War nur ein Beispiel damit sich der TE einen groben Überblick verschaffen kann. (finanziell)
Und ich persönlich würde keine anderen Werte (bis auf die Spannung) einbauen!  Oder bist du der Meinung das Onkyo Mist baut?


----------



## dekay55 (12. Dezember 2012)

@bier Conrad, Reichelt, Bürklin

@SubLeo du würdest also kein Elko einbauen mit nem anderen werten bis auf die Spannung ?   Ok lassen wir das...

Ich hab nicht gesagt das Onkyo mist baut, aber bei vielen Amps gibts noch Potential mehr rauszuholen, so auch bei einen meiner Amps ( Onkyo TX-7780 ) Original waren 6800er drinne, getauscht gegen 10000er und siehe da, viel mehr druck im Tiefton bereich bzw mehr reserven im Tiefton bereich bei hoher Lautstärke, das ist kein Voodoo, man könnt sogar noch weiter gehen, die Kondensatoren im Signalweg gegen MTK´s tauschen, div Wiederstände gegen MOX austauschen usw. 

Das heist nicht das Onkyo mist gebaut hat, sondern einfach nur das eben in Mainstreamprodukten der mittelklasse nicht das hochwertigste verbaut ist. 

Und nuja nen groben überblick Finanziel ist auch total unrealistisch, nen 2000µf Kondensator kostet eben doch weniger als nen 10000µf Kondensator


----------



## Bier (12. Dezember 2012)

Und woher weiß ich welche Spannung usw? Oder steht das auf den alten drauf?
Sorry hab da nicht soo viel Ahnung von 
*Edit: *Also hier sind schonmal 2 so fette Kondensatoren mit jeweils 15.000µF.
Sind das die die evtl getauscht werden müssen?


----------



## Zappaesk (12. Dezember 2012)

Ich verstehe nicht, warum die Kondensatoren hinüber sein sollten?! Das klingt ganz klassisch nach nem Schaden im Umschalter und / oder im Poti!
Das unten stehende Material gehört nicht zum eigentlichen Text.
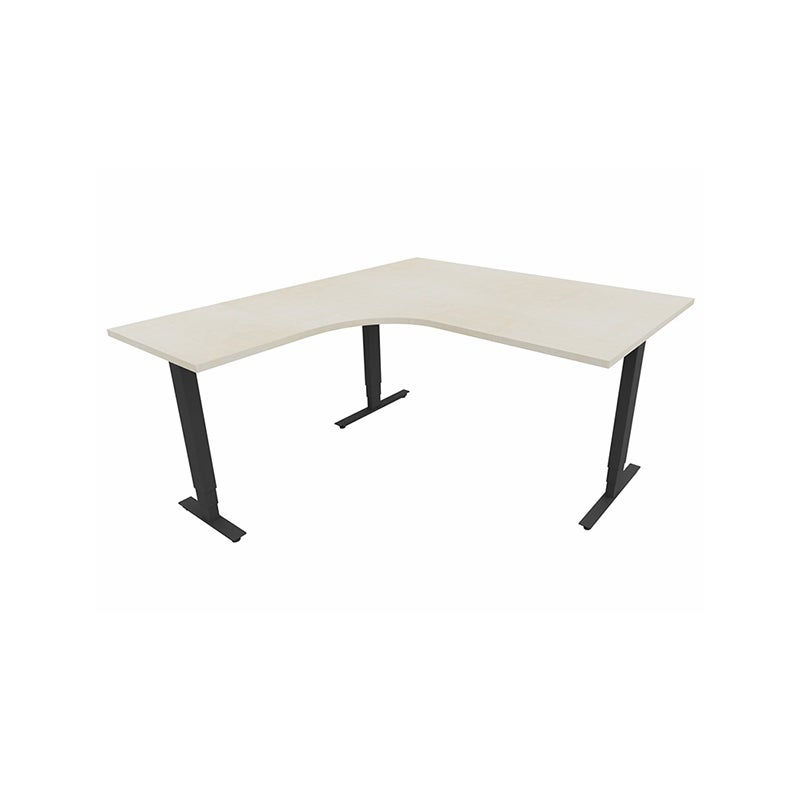 Höj- och sänkbart skrivbord Sense Aero Vänster 3-ben, max 100 kg, 1400x1600, H630-1290 mm, Björk laminat, stativ Svart
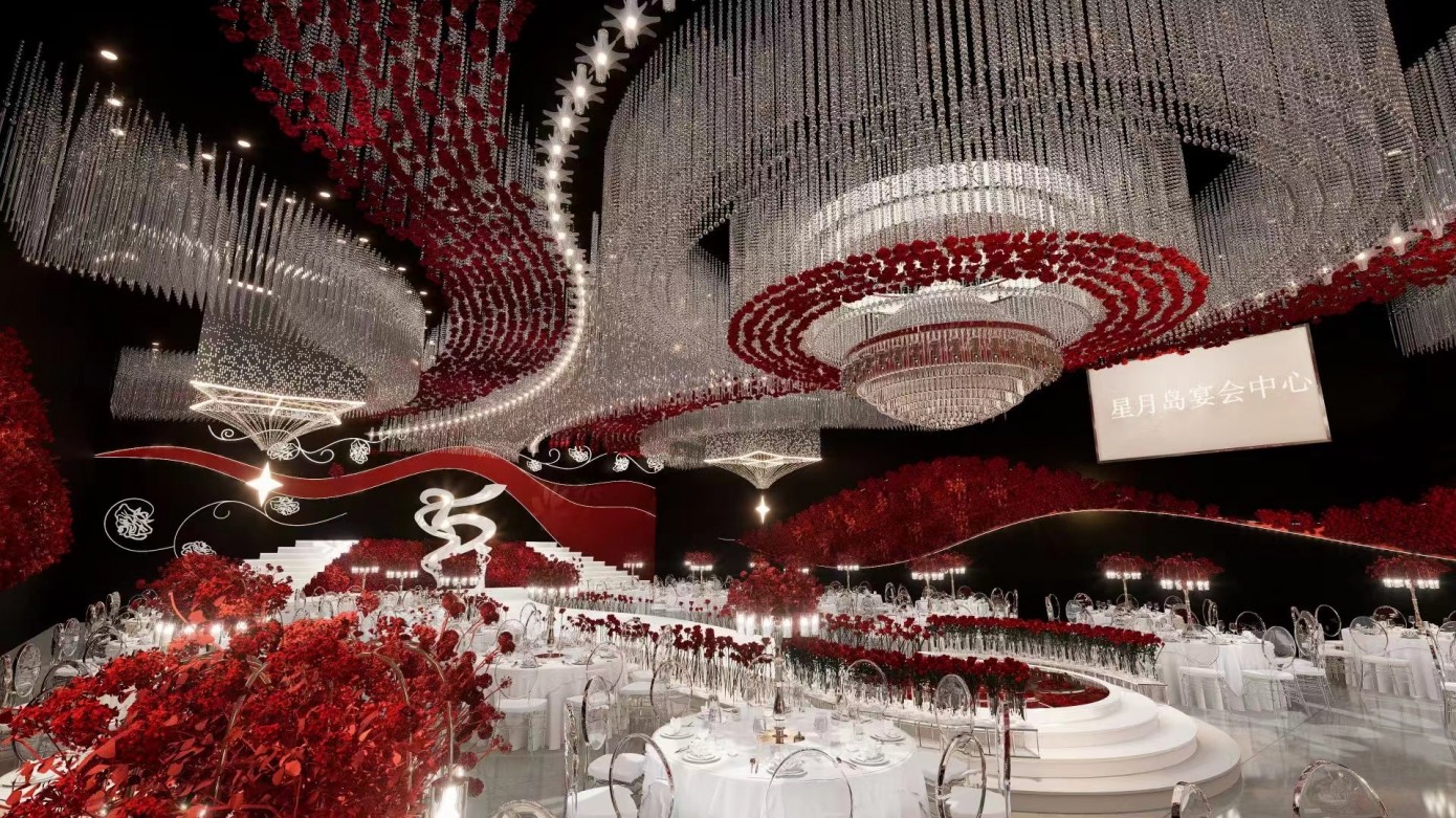 设计理念上,我们以 “主题故事型” 为核心定位,为礼宴中心提供一体式规划打造,让每个婚礼堂都成为有温度、有专属主题的空间。业务应用场景广泛,包括婚礼堂、政府项目、公园景观美化、网红打卡地、酒店、KTV 等,项目已遍布全国,覆盖山西、成都、天津、北京、湖南、黑龙江、遵义等多个省市。

Kondensatoren können hinüber gehen, müssen aber nicht und tun es eher selten bzw bei eher noch älteren Geräten. Wobei dabei dann mMn ein anderes Schadensbild entstehen würde.
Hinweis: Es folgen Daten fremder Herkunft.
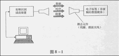 其中,电子标签又称为射频标签、应答器、数据载体;阅读器又称为读出装置,扫描器、通讯器、读写器(取决于电子标签是否可以无线改写数据)。电子标签与阅读器之间通过耦合元件实现射频信号的空间(无接触)耦合、在耦合通道内,根据时序关系,实现能量的传递、数据的交换。
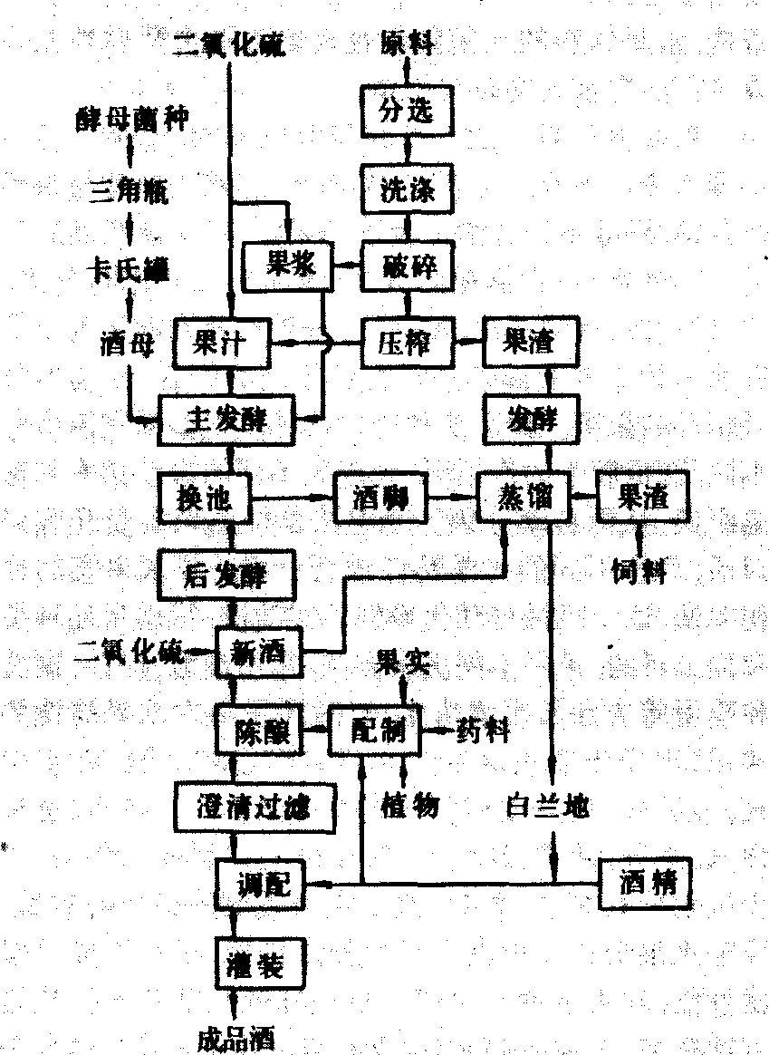 果酒生产工艺流程 原料选择 酿酒用的果实以汁液多,糖分高,酸度适中和色香味具佳的品种为最适宜。成熟的水果,糖分积累高,色香味最理想,营养价值高,质地疏松,有利于酿造。原料种类很多,主要有葡萄、苹果、桔子、山楂等。 破碎 果实破碎后使果汁流出,便于压榨和发酵,也有利于色素的溶解。不同的果实其组织质地不同,采用的破碎设备各异,如杏、李、桃、柑桔、刺梨等宜采用齿形的双辊筒破碎机;苹果、梨等宜用单辊筒破碎机。 压榨 破碎后只有部分自流汁流出,而果实中的汁液需经压榨后才能充分取出,并将果渣分离(见苹果汁加工)。 二氧化硫的添加 二氧化硫具有阻止或延缓微生物繁殖的作用。果汁中添加适量的二氧化硫后,仅有酵母类可在发酵时生长繁殖,而其他微生物的生长被抑制。二氧化硫除起到杀菌防腐作用外,还具有澄清、溶解、增酸和抗氧化作用。果酒生产中常以液体二氧化硫、亚硫酸或固体偏重亚硫酸盐等方法添加,添加量视品种、酸度高低而定,常用量为50~250毫克/升。 酵母的扩大培养 酿造优质果酒均需添加人工培养酵母。葡萄酒酵母具有发酵能力强,耐酸和抗二氧化硫等特点, 是果酒酿造的优良菌种, 通常用纯种酵母, 经三角瓶、卡氏罐等逐级扩大培养, 各级酵母浓度应达108~109个/毫升,接种量为2%~5%(体积比)。 果汁成分调整 包括:❶糖分调整。根据实际生产经验,每升果汁中含17克糖经发酵后产生纯酒精1度, 一般果酒含酒精应在10~18度为宜, 所以需根据果汁原含糖量及要求产品达到的酒度调整糖分。生产上多用精制砂糖,先将糖溶解在少量果汁中,然后再加入到全部果汁中。 ❷酸度调整。果汁中的酸度以0.6%~1.0%(以酒石酸计)为宜,即适合于酵母菌生长,又能给酒以浓厚的风味,并增加色泽。果汁酸度过高时,可加糖浆或加酸度低的果汁调整,也可用酒石酸钾中和多余的酸;果汁酸度过低时,可加有机酸,最常用的是柠檬酸和酒石酸,也可加酸度高的果汁调整。 ❸含氮物质的调整。酵母营养需要一定的氮素,若果汁中含0.1%以上的氮便可满足要求。葡萄汁含氮量较高不必调整,而苹果、梨、柑桔等含氮量较低,可添加0.05% ~0.1%的磷酸铵或硫酸铵以促进酵母的发酵作用。 主发酵 发酵容器有发酵池、罐和桶,分开放式和密闭式。开放式发酵速度快,但酒精和芳香物质损失较多,也易感染杂菌,故多采用密闭式。依发酵时物料状态,主发酵分为分离发酵法和混合发酵法,前者是果品破碎后经压榨取汁,仅有果汁入池发酵;后者是果品破碎后,果汁、果浆和皮渣一起入池发酵,发酵旺盛时,皮渣极易上浮形成酒帽,若酒帽长期与空气接触,将会造成氧化过度或引起杂菌污染使酒变质,同时也不利于色素的溶解。因此, 发酵前应采用帘子或隔板等方法将皮渣压入果汁距液面20~30厘米处。主发酵依品种、酒质要求及环境的影响, 发酵温度常控制在20~30℃,约需4~7天即可换池(桶)进入后发酵。 后发酵 适宜的温度约20℃,发酵时间一个月左右。主发酵完成后的原酒还含有少量的糖分,在出酒转换容器时得到通风,酵母菌又重新活化,继续发酵将剩余的糖转变为酒精。通常后发酵完成后新酒糖分降到0.1%左右。 陈酿 经过后发酵的新酒或新配制酒,往往有生酒味,需经过一段贮存期使酒体变得芳香、醇厚,并具有一定的稳定性。陈酿常在地下室进行,适宜的温度为8~16℃,时间最少半年,最好两年以上。在自然条件下,果酒的成熟需2~3年,为了缩短生产周期,可以应用冷热交互处理法,加速果酒的成熟。陈酿过程中,贮酒容器顶部若有空隙须及时添满,防止杂菌的感染,陈酿期间出现的沉淀物须定期换容器除去。贮酒容器主要有贮酒池、贮酒罐和贮酒桶。贮酒池和罐基本为密闭式,它们可与主、后发酵设备通用,贮酒桶一般用橡木制作,中间粗,两头细。 澄清过滤 果酒除应具有色、香、味的品质外,还必须澄清透明。对于经过较长时间贮存仍未澄清的果酒,须人工加速澄清,常采用加胶和过滤等方法。加胶用的澄清胶剂种类很多,各种类型的酒有其较适用的胶剂,一般葡萄酒、苹果酒、梨酒等宜用明胶或蛋清;猕猴桃、杏子酒等宜选用琼脂,添加量需通过小型试验而定。机械方法采用高速离心机或石棉、硅藻土过滤机分离沉淀及悬浮微粒,达到澄清。 调配 原酒经过陈酿,出厂前要按照成品的质量要求对酒度、糖度、酸度进行调配,使果酒的风味协调而更且特色。一般在同一品种的原料中,选用不同酒龄,不同色泽和不同工艺生产出来的原酒进行勾兑,保证产品的质量稳定性。 蒸馏 蒸馏分为固态蒸馏和液态蒸馏,其目的是利用沸点的不同将发酵后产生的酒精全部蒸出,同时有部分醇、酸、酯等有机物质一并蒸出,从而制得具有一定芳香味和酒度较高的蒸馏酒。最常见的蒸馏设备有壶式蒸馏器与蒸馏塔。蒸馏过程中,最初蒸出的酒叫“头酒”,其中含有沸点较低的醛类物质,有异味,且对人体有害;最后蒸出的部分酒叫“尾酒”,因含杂醇油(如戊醇)有毒性,所以蒸馏酒往往要“掐头去尾”,只取“酒心”做饮用酒。由果实的浆汁或皮渣经发酵蒸馏制成的蒸馏酒称为白兰地,葡萄白兰地数量最多,往往直接称之为白兰地,而其他果实白兰地则需要冠以果实名称,如苹果白兰地等等。成品白兰地的酒度约为40~50度。 |

Also ggf. Poti (wenn es ein offenes ist!) entstauben und evtl. mit nem Wattestäbchen und etwas Alkohol reinigen. Dabei am Regler drehen. Das behebt die allermeisten "Kratzer". Wenn das nix nutzt (schadet jedenfalls nicht), dann mal den Schalter ansehen. Kann man den auch reinigen oder ist der geschlossen? Wenn das nix hilft bzw nicht geht (wird vermutlich eher das Problem sein), dann muss eben getauscht werden. 

Schau beim Poti auf jeden Fall nach was das für ne Type ist (sowohl vom Anschluss her, als auch vom Widerstand und von der Kennlinie) und beim Schalter musste natürlich auch ein 1:1 austauschbares Teil auftreiben - weiß jetzt net wie das da gelöst wurde.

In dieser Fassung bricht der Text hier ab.